_TASK INPUT_.
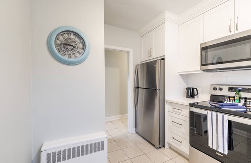 This 1-bedroom apartment has a comfortable Queen-sized bed bed and a sofa bed in the living room, so it can accommodate 4 guests at a time. The kitchen is newly renovated with stainless steel appliances, and includes a full sized fridge/freezer combo, dishwasher, oven, stove-top and microwave. There is a dining table with seating for 4, so you can enjoy home-made meals, or just flip open some take-out containers! The living room has a smart TV, with high speed internet connection.
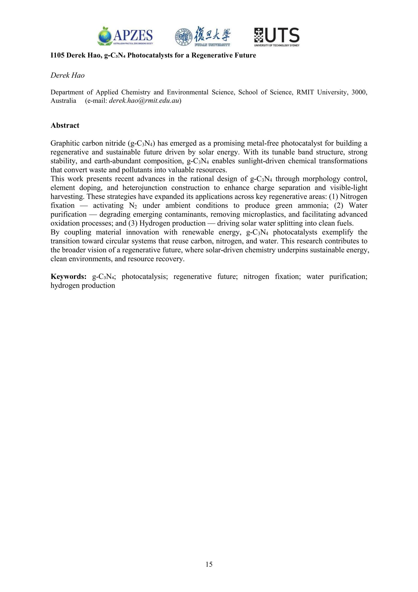 PZETS-2025 Oral Presentation:g-C₃N₄ Photocatalysts for a Regenerative Future
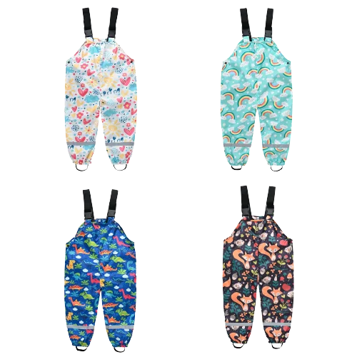 Toddler Kids Boys Girls Rain Overalls Dinosaur Print Dungarees Windproof Waterproof Mud Jumpsuit Clothes Outdoor Bib Trousers
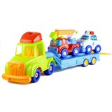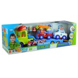 Ovdje predstavljeni set sastoji se od vozila policije i vatrogasaca. Zanimljivo je i to da se ova vozila odlikuju mogućnošću odvrtanja, što će zasigurno biti fenomenalna igračka za one zainteresirane za okolni svijet vašu malu hrpu radosti. Prema ovoj veseloj, višebojnoj kolekciji, svaki će dječak biti ravnodušan. Spoj razvijajuće zabave s mogućnošću sastavljanja i rastavljanja na elementima koje dijete samostalno odabere čini ovu igračku nevjerojatnom razonodom koja će dijete zanimati satima. Ova igračka bit će pun pogodak kako za samostalnog dječaka koji voli konstruirati i ručni rad, tako i za djecu koja se radije igraju s roditeljima ili starijom braćom i sestrama. Set za malog ljubitelja vozila sastoji se od: prikolica za prijevoz automobila, vatrogasno vozilo, policijski automobil figurica policajca i vozača prikolice za prijevoz automobila znakovi i sigurnosni stup, vijci i alati. Višebojna prikolica za prijevoz automobila sastoji se od dva dijela: vozačke kabine s rupama na mjestu prozora, što omogućuje smještaj vozača i suvozača, te raširene prikolice. Smiješni automobil stoji na 4 para rotirajućih kotača, zahvaljujući čemu se dijete može igrati s ovom igračkom na mnogo načina. Automobil ima elemente koji su pričvršćeni velikim, plastičnim vijcima, koje dijete uz pomoć priloženih plastičnih odvijača s zamjenjivim krajevima može odvrnuti, modificirajući vozilo time. Na prikolici za prijevoz automobila nalaze se dva manja automobila policijski automobil i vatrogasno vozilo. Vatrogasno vozilo ima pokretne i rotirajuće elemente, što će savršeno uljepšati zabavu. Vozila su ukrašena naljepnicama policije, putnika i karakterističnim natpisima. Intenzivne, živahne boje u kombinaciji s aerodinamičnim, ugodnim oblicima daju ovoj igrački vrlo veseo karakter. Mogućnost slobodnog odvijanja i zavrtanja elemenata svih automobila omogućit će djetetu da razvija svoju maštu i individualnost, kao i koordinaciju ruku i očiju. Zahvaljujući elementima koji se nalaze u ovom setu, dijete će razumjeti pravila korištenja alata i štoviše bit će sretno, jer će poput tate imati svoj vlastiti, siguran set. Set za strastvenog ljubitelja cestovnih vozila funkcionirat će u različitim uvjetima. Izrađen je od najkvalitetnije plastike, što omogućuje igru kod kuće, u brusilici, vrtu ili na igralištu. Velika prednost ovog seta je mnoštvo elemenata, zahvaljujući kojima dijete može dijeliti s braćom i sestrama. Višebojni set koji se sastoji od vozila i alata prilagođen je svoj djeci starijoj od 3 godine. Ova igračka ima CE certifikat i u skladu je s EN 71 standardom , što jamči sigurnost tijekom igre. Dimenzije odabranih elemenata: raširena prikolica za prijevoz automobila 70 cm x 14 cm x 19 cm, policija: 15,5 cm x 12 cm, vatrogasci: 16,5 cm x 13,5 cm, figurica: 6 cm x 3 cm, odvijač: 12 cm x 3 cm, francuski ključ: 14 cm x 4,5 cm. Dimenzije pakiranja: 73 cm x 22 cm x 22 cm.
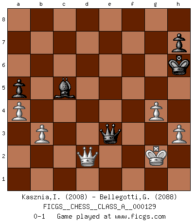 Last move : 0-1 2013 January 1 16:28:2 [Event "FICGS__CHESS__CLASS_A__000129"] [Site "FICGS"] [Date "2012.10.28"] [Round "1"] [White "Kasznia,Ireneusz"] [Black "Bellegotti,Giorgio"] [Result "0-1"] [WhiteElo "2008"] [BlackElo "2088"] 1.c4 e5 2.Nc3 Nf6 3.Nf3 Nc6 4.g3 d5 5.cxd5 Nxd5 6.Bg2 Nb6 7.O-O Be7 8.b3 O-O 9.Bb2 Bg4 10.a4 a5 11.Rc1 Re8 12.Nb5 e4 13.Ne5 Nxe5 14.Bxe5 c6 15.h3 Bf5 16.g4 cxb5 17.Bc7 Qd7 18.Bxb6 Be6 19.d3 Ba3 20.Rc7 Qd6 21.Rxb7 Bd5 22.Bc7 Qe7 23.Rxb5 exd3 24.Be5 Bxg2 25.Kxg2 Bb2 26.f4 f6 27.Qd2 Ba3 28.Qxd3 fxe5 29.Rxe5 Qb7+ 30.e4 Bb4 31.Qc4+ Kh8 32.Qd5 Qc7 33.Rxe8+ Rxe8 34.e5 g5 35.fxg5 Rxe5 36.Qd4 Kg8 37.Rc1 Bc5 38.Qc4+ Kg7 39.Qc3 Kg6 40.Qf3 Kxg5 41.Rd1 Qe7 42.Rd5 Rxd5 43.Qxd5+ Kh6 44.Qd2+ Qe3 0-1 English Opening Kingside Castling by player White (move 7) Kingside Castling by player Black (move 8) Player Black won this chess game. Follow this game move after move (download)The defensive power of a pinned piece is only imaginary. (Aaron Nimzovich) Der Schachmeister von Heute braucht Courage, einen Killerinstinkt, Ausdauer und Arroganz. (Larry Evans) El Ajedrez es un terrible juego. Si no controlas el centro, tu oponente tiene una posición mas holgada. Si tienes control del centro, ¡entonces realmente tu tienes algo de que preocuparte!. (Siegbert Tarrasch) Je ne suis pas le dernier à jouer lâchement des coups douteux pendant le zeïtnot de l'adversaire pour l'achever: en effet les coups qui font le plus peur sont ceux que l'on ne comprend pas. Je me fais souvent peur quand je joue. (Un professeur anonyme) I couldn't make any sense out of what this particular thread is about. It sounds like R2 D2 computer speaking. A space fight ?!? Some 'command' problems in Moscow ? Some killers & narcotic addicts attacking some game & a god wannabe ?? (Dinesh De Silva, lost in a russian conflict in FICGS forum)
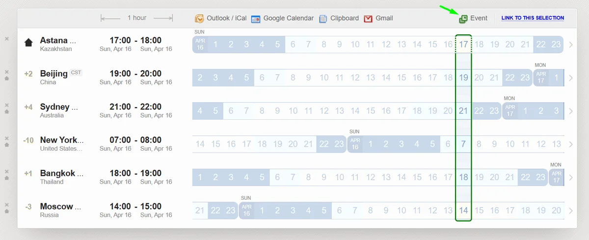 Похожим образом работает программа World Time Buddy. Здесь можно сравнить часовые пояса коллег, выбрать подходящее время, создать страницу события и публично ею поделиться. Созданное событие каждый участник мероприятия сможет сразу добавить в свой Google Календарь.
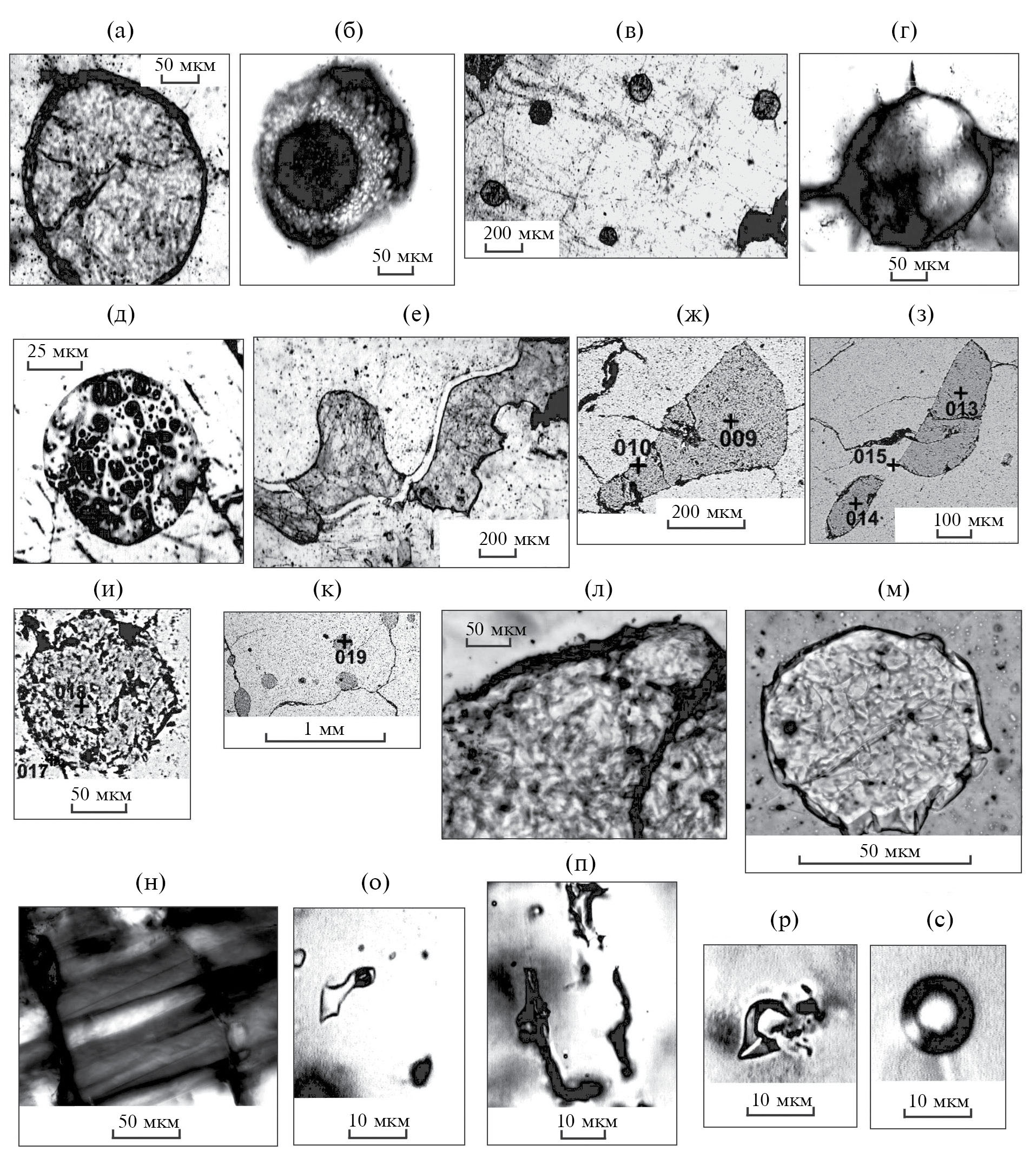 Рис. 2. Микрофотографии выделений криолита (а–н) и флюидных включений в нем (о–с). (а) – глобула криолита с зоной закалки; (б) – глобула криолита с газовым пузырьком; (в) –глобулы криолита с зонами закалки в калиевом полевом шпате (структура “снежного кома”); (г) – глобула криолита, декрепитированная вследствие наложенного термального (метаморфизма) события; (д) – крупные обособления флюидной фазы в глобуле криолита после гомогенизации ее и последующего охлаждения; (е) – деформация – прожилка криолита в граните при метаморфизме; (ж, з, и, к) – проанализированные глобулы криолита с точками измерений в режиме отраженных электронов (результаты приведены в табл. 1); (л–м) – каемки идиоморфного β-криолита на поверхности глобул криолита; (н) – α-криолит с полисинтетическими двойниками; (о, с) – первичные флюидные включения в криолите (с температурой гомогенизации 250–400◦С); (п, р) – вторичные декрепитированные флюидные включения в криолите крупной линзы.

_GOAL OF THE EXERCISE_. Exactly the lines from the one with "Похожим образом работает" to the last line of the listing are wanted, both ends included and pictures excluded.

_SOLUTION TO THE EXERCISE_.
 Похожим образом работает программа World Time Buddy. Здесь можно сравнить часовые пояса коллег, выбрать подходящее время, создать страницу события и публично ею поделиться. Созданное событие каждый участник мероприятия сможет сразу добавить в свой Google Календарь.
 Рис. 2. Микрофотографии выделений криолита (а–н) и флюидных включений в нем (о–с). (а) – глобула криолита с зоной закалки; (б) – глобула криолита с газовым пузырьком; (в) –глобулы криолита с зонами закалки в калиевом полевом шпате (структура “снежного кома”); (г) – глобула криолита, декрепитированная вследствие наложенного термального (метаморфизма) события; (д) – крупные обособления флюидной фазы в глобуле криолита после гомогенизации ее и последующего охлаждения; (е) – деформация – прожилка криолита в граните при метаморфизме; (ж, з, и, к) – проанализированные глобулы криолита с точками измерений в режиме отраженных электронов (результаты приведены в табл. 1); (л–м) – каемки идиоморфного β-криолита на поверхности глобул криолита; (н) – α-криолит с полисинтетическими двойниками; (о, с) – первичные флюидные включения в криолите (с температурой гомогенизации 250–400◦С); (п, р) – вторичные декрепитированные флюидные включения в криолите крупной линзы.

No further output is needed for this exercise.